Samtools guide: learning how to filter and manipulate with SAM/BAM files

Author : InsideDNA Time : 22 March 2016 Read time : 9 min

Samtools is a set of utilities that manipulate alignments in the BAM format. It imports from and exports to the SAM (Sequence Alignment/Map) format, does sorting, merging and indexing, and allows to retrieve reads in any regions swiftly. In one of our previous tutorials, we mapped reads with TopHat and obtained BAM files. However, before we can use these BAM files in downstream analysis, we need to learn basic and more advanced operations which allows to deal with the file, filter them and pre-process. In this tutorial, we explain how to manipulate with BAM files with samtools - an excellent suite of bioinformatics commands which allows various operations on SAM/BAM files.

SAM file format

SAM stands for Sequence Alignment/Map format. It is a TAB-delimited text format consisting of a header section, which is optional, and an alignment section. If present, the header must be prior to the alignments. Header lines start with '@', while alignment lines do not.

A full description of the SAM format can be found here. SAM aims to be a format that:

  1. Is flexible enough to store all the alignment information generated by various alignment programs;
  2. Is simple enough to be easily generated by alignment programs or converted from existing alignment formats;
  3. Is compact in file size;
  4. Allows most of operations on the alignment to work on a stream without loading the whole alignment into memory;
  5. Allows the file to be indexed by genomic position to efficiently retrieve all reads aligning to a locus.

Example of the SAM file:

Each alignment line has 11 mandatory fields for essential alignment information such as mapping position, and variable number of optional fields for flexible or aligner specific information:

  1. Read Name
  2. SAM flag
  3. chromosome (if read is has no alignment, there will be a "*" here)
  4. position (1-based index, "left end of read")
  5. MAPQ (mapping quality - describes the uniqueness of the alignment, 0=non-unique, >10 probably unique)
  6. CIGAR string (describes the position of insertions/deletions/matches in the alignment, encodes splice junctions, for example)
  7. Name of mate (mate pair information for paired-end sequencing, often "=")
  8. Position of mate (mate pair information)
  9. Template length (always zero for me)
  10. Read Sequence
  11. Read Quality
  12. Program specific Flags (i.e.
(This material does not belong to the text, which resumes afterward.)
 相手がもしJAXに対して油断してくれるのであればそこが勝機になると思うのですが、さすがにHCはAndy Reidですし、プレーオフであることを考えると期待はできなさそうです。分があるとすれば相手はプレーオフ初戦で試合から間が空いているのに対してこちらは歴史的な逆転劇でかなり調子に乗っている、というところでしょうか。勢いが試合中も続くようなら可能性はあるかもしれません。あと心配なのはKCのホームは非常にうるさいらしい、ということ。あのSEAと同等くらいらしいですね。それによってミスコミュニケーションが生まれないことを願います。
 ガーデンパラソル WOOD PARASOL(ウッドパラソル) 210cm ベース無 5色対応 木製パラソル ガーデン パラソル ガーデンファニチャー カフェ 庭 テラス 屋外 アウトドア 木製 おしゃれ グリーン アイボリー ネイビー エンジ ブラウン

AS is an alignment score, NH is a number of reported alignments that contains the query in the current record)

Converting BAM to SAM and vice versa

'samtools view' command allows you to convert an unreadable alignment in binary BAM format to a human readable SAM format. Download the data we obtained in the TopHat tutorial on RNA expression in human brain. You can submit samtools via isub wrapper. Remember to change the path /data/userXXX/ to your user ID which you can find in the header of the console:

isub -t bam2sam -c 1 -r 1.7 -e 'idna_samtools_view -h /data/userXXX/out/accepted_hits.bam > /data/userXXX/bam_manipulating/accepted_hits.sam'

-h includes the header in the output SAM file.
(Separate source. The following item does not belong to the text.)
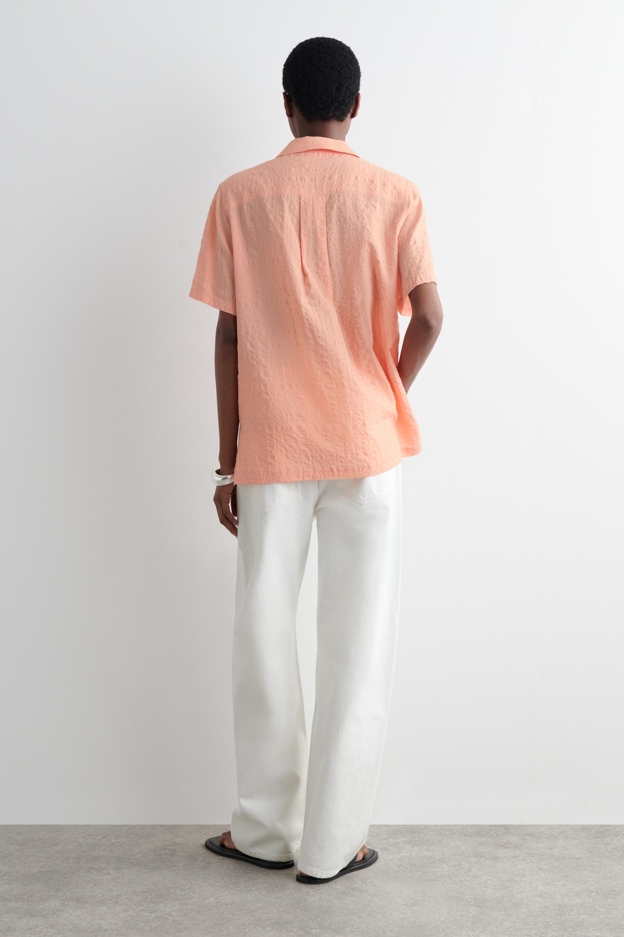 Imbued with an effortless appeal, this boxy resort shirt is crafted from a textured cotton blend in a muted apricot tone. It's cut in a relaxed shape and designed with a camp collar and short sleeves. Style it with denim or linen.
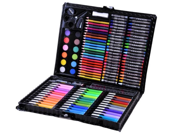 Duży zestaw plastyczny artystyczny kreatywny do malowania piórnik z wyposażeniem kredki pisaki

This command normally writes its output to a standard output, which is your terminal by default. If the notation ‘> file’ is appended to any command that normally writes its output to a standard output, the output of that command will be written to a file instead of your terminal. Some commands like 'samtools sort' or 'samtools index' write their output to a file specified in the command itself. When tool prints its output to a standard output, it helps "piping" the tools into pipelines and redirecting output of one tool as an input into another tool. But often we want to save intermediate results into a file and thus need to redirect output with a '>' sign.

We directed the output of this command to a file called accepted_hit.sam. Now you can view your alignment with Unix command 'less':

less bam_manipulating/accepted_hits.sam

You also can view a specific region of your alignment, for instance 1000-2000 region of 20 chromosome:

isub -t bam2sam_1000_2000 -c 1 -r 1.7 -e 'idna_samtools_view -h chr20:1000-2000 /data/userXXX/out/accepted_hits.bam > /data/userXXX/bam_manipulating/accepted_hits_1000_2000.sam'

To convert back to a bam file use command:

isub -t sam2bam -c 1 -r 1.7 -e 'idna_samtools_view -b -S /data/userXXX/out/accepted_hits.sam >  /data/userXXX/bam_manipulating/accepted_hits.bam'

-b specified the output in the BAM format and -S required if input in SAM format

Sorting and indexing the BAM file

Some downstream analysis programs that use BAM files actually require indexed BAM file. For example a common tool for genome alignment visualization the Integrative Genomics Viewer needs such format (IGV).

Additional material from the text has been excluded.